Low-Latency HLS (LL-HLS)
Standard HLS has 6 s segments, 3-segment buffer = 18 s glass-to-glass. LL-HLS (Apple, 2019) introduces:
- Partial segments (chunks of ~250 ms) published as they encode, so the player fetches sub-segment intervals.
- Blocking playlist reload — manifest server holds the request until a new chunk is ready, eliminating poll-wait.
- Preload hints — manifest tells the player which next chunk to prefetch.
Result: ~3 s latency. Still slower than WebRTC (sub-second) but with HLS's CDN economics. WebRTC is the right choice for video conferencing where < 200 ms matters and audience size is bounded.
DRM: Widevine, PlayReady, FairPlay
Premium content (movies, sports rights) requires hardware-rooted DRM:
- Widevine — Google, mandatory on Android and Chrome. Three security levels: L1 (hardware-rooted, required for HD/4K), L2 (software with some hardware), L3 (pure software, SD only).
- PlayReady — Microsoft, Edge, Xbox, smart TVs.
- FairPlay — Apple, Safari + iOS + tvOS.
You must support all three to cover devices. Common Encryption (CENC) standardizes the bitstream so one encrypted file works with all three; only the key delivery differs. The license server issues short-lived keys per authenticated session, with policies (offline allowed, output protections, expiry).
The MPEG-DASH Manifest Model
The DASH .mpd is a hierarchy: Period → AdaptationSet → Representation → SegmentTemplate. Period boundaries enable splicing (ad insertion, content stitching). AdaptationSet groups alternatives the player chooses among (different bitrates of the same video; different audio languages). Representation is one rung; SegmentTemplate gives the URL pattern.
This expressiveness is why Netflix uses DASH: server-side ad insertion (SSAI), regional content variants, and stream switching are all manifest tricks rather than separate pipelines.
Failure Modes
- Origin shield miss — CDN miss storm during a live event hits origin with millions of RPS. Use tiered cache (regional shield) and pre-warm on schedule.
- Encoder fall-behind — live transcoder can't keep realtime; latency creeps. Auto-fail to a lower-quality fallback ladder while ops investigates.

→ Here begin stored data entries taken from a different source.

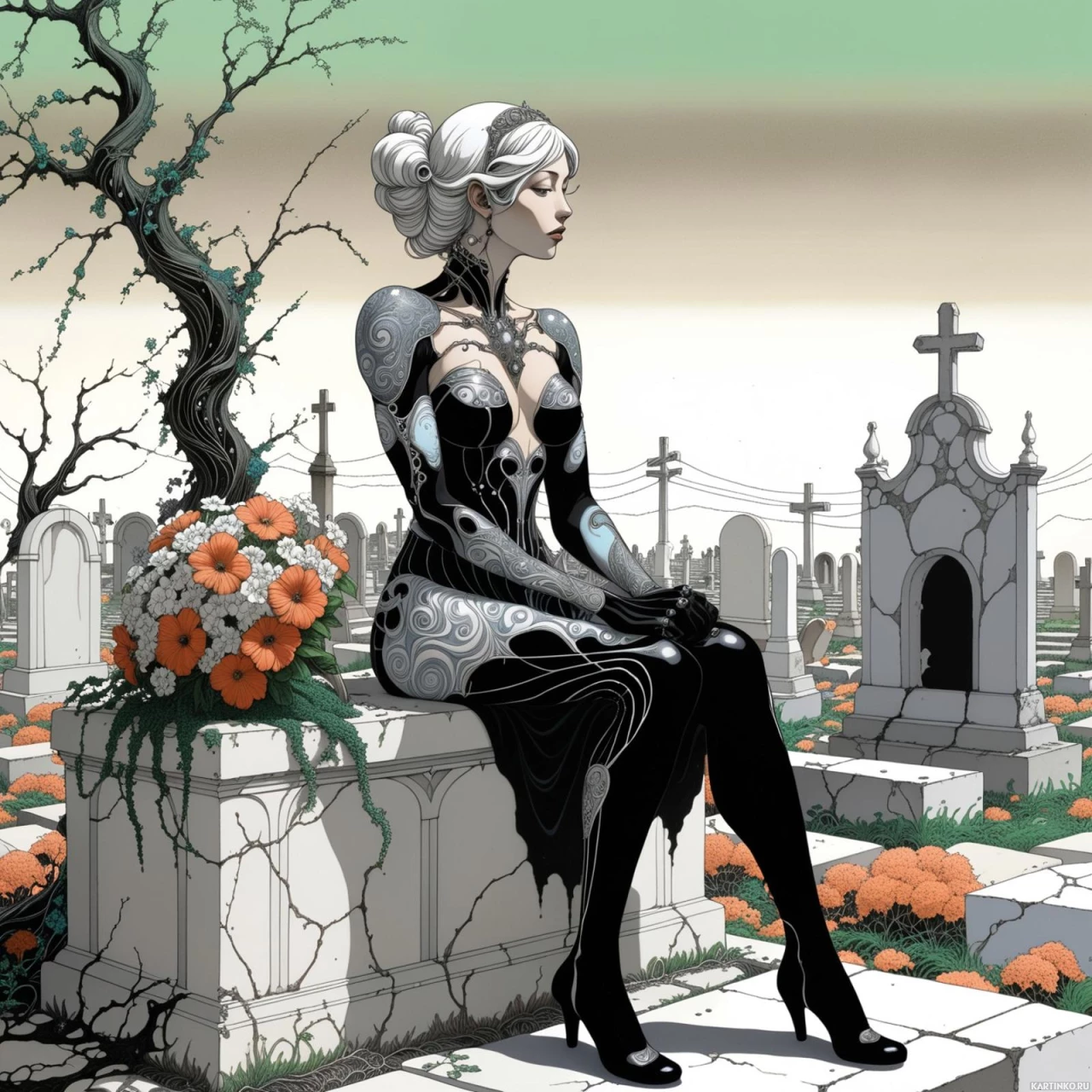 цветы | Скачать аватары с цветком | Flowers | Иллюстрация: Седая женщина на краю надгробия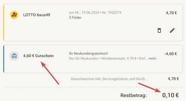 Wie wäre es mal wieder mit einem Glücks-Tipp? 🎟️ Bei LOTTO24 erhaltet ihr derzeit als Neukunde wieder 3 Felder LOTTO 6 aus 49 für 0,10€ (statt: 4,70€) Ersparnis 4,60€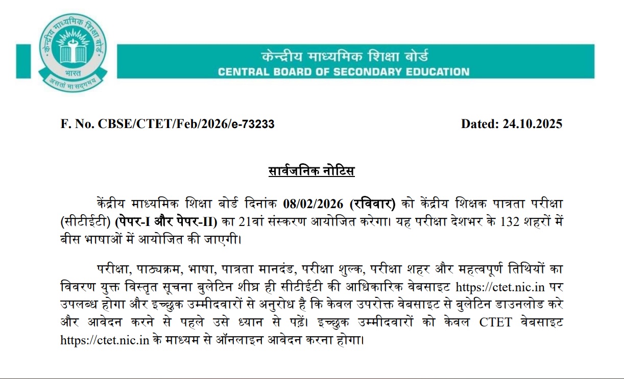 CTET यानी सेंट्रल टीचर्स एलिजिबिलिटी टेस्ट का फरवरी 2026 एडिशन 8 फरवरी को होगा। CBSE ने नोटिस जारी कर इसकी जानकारी दी है।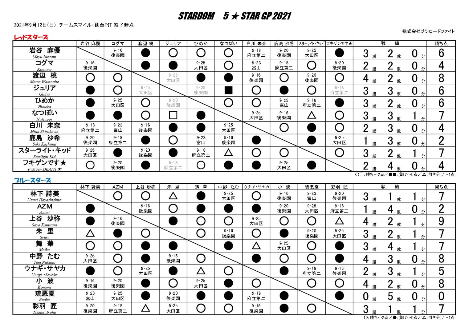 Minggu, 12 September, Sendai PIT (234 penonton = tiket habis terjual / jumlah penonton dibatasi karena tindakan pencegahan COVID-19)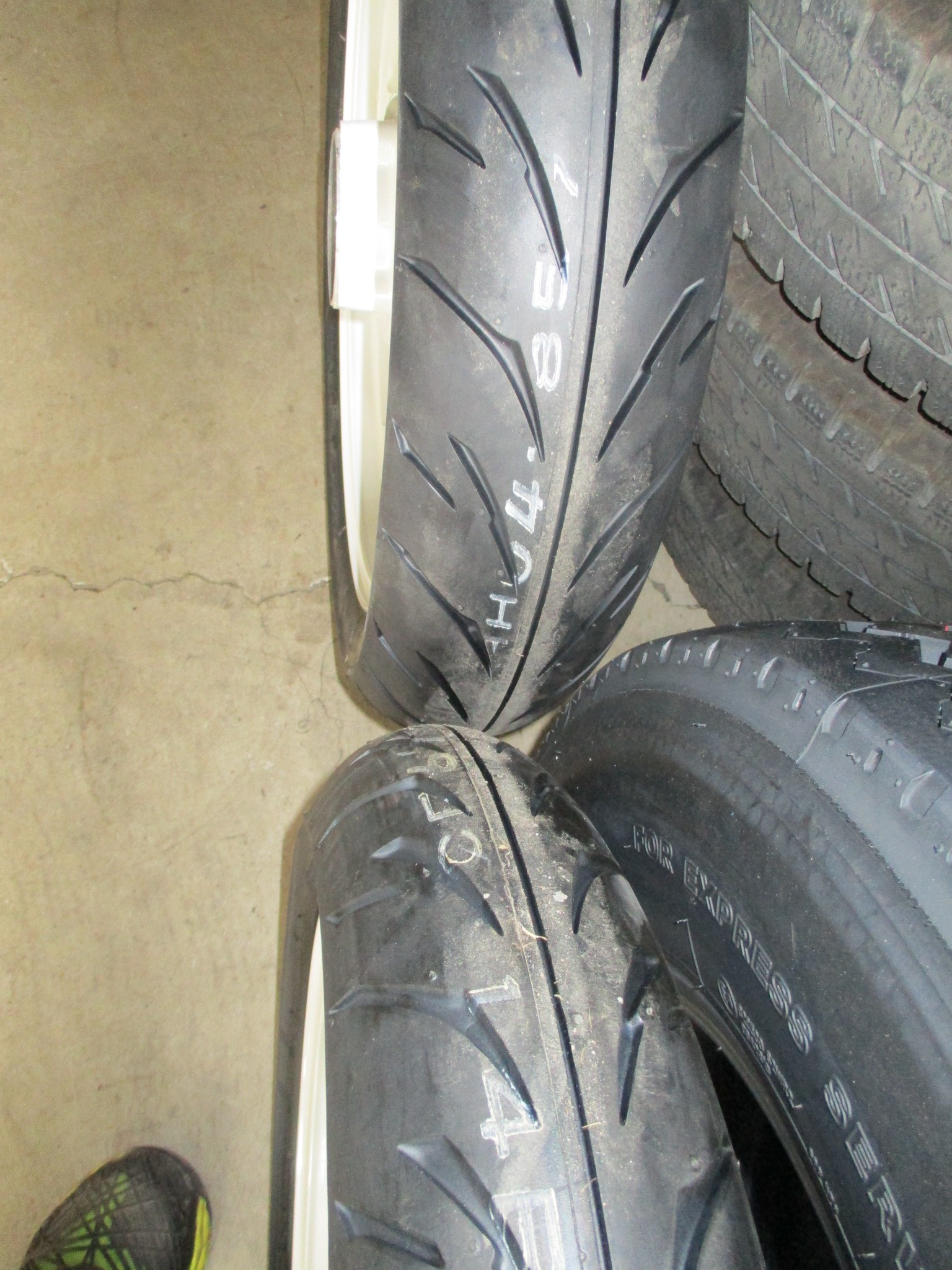 塗装済みのホイールにタイヤを組んだのですが、結構冷や汗でました~>。<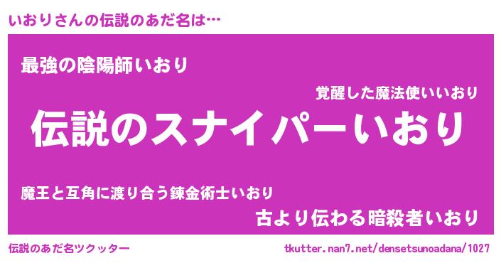 | 男性向けラノベタイトル風あだ名 | 『いおりの憂鬱』『魔弾の王といおり』 |

- License server flood — major release; everyone hits the DRM endpoint at the same moment. Cache license metadata at edge; rate-limit per device.
- ABR oscillation — player flips rungs every segment. Buffer-aware ABR with dwell time on each rung; punish frequent switches in the cost function.
FAQ
Why not WebRTC for everything?
WebRTC is sub-second but uses peer-to-peer or SFU topology that doesn't scale to millions of viewers economically. HLS/DASH ride the CDN cost curve.
How big should segments be?
VOD: 6 s (legacy HLS). Live: 2–4 s (LL-HLS, partial segments give sub-second granularity). Smaller = lower latency, more requests; larger = better cache efficiency.
Storing or computing thumbnails?
Pre-extract thumbnail strips at upload time (one image with all timestamps tiled). Players use byte ranges to show scrub-thumbnails without per-frame requests.
How do you bill bandwidth?
Most CDNs charge per GB egress with regional pricing. Multi-CDN routing optimizes cost: cheap CDN for cold regions, premium for premium markets. Cost dominates infrastructure budget.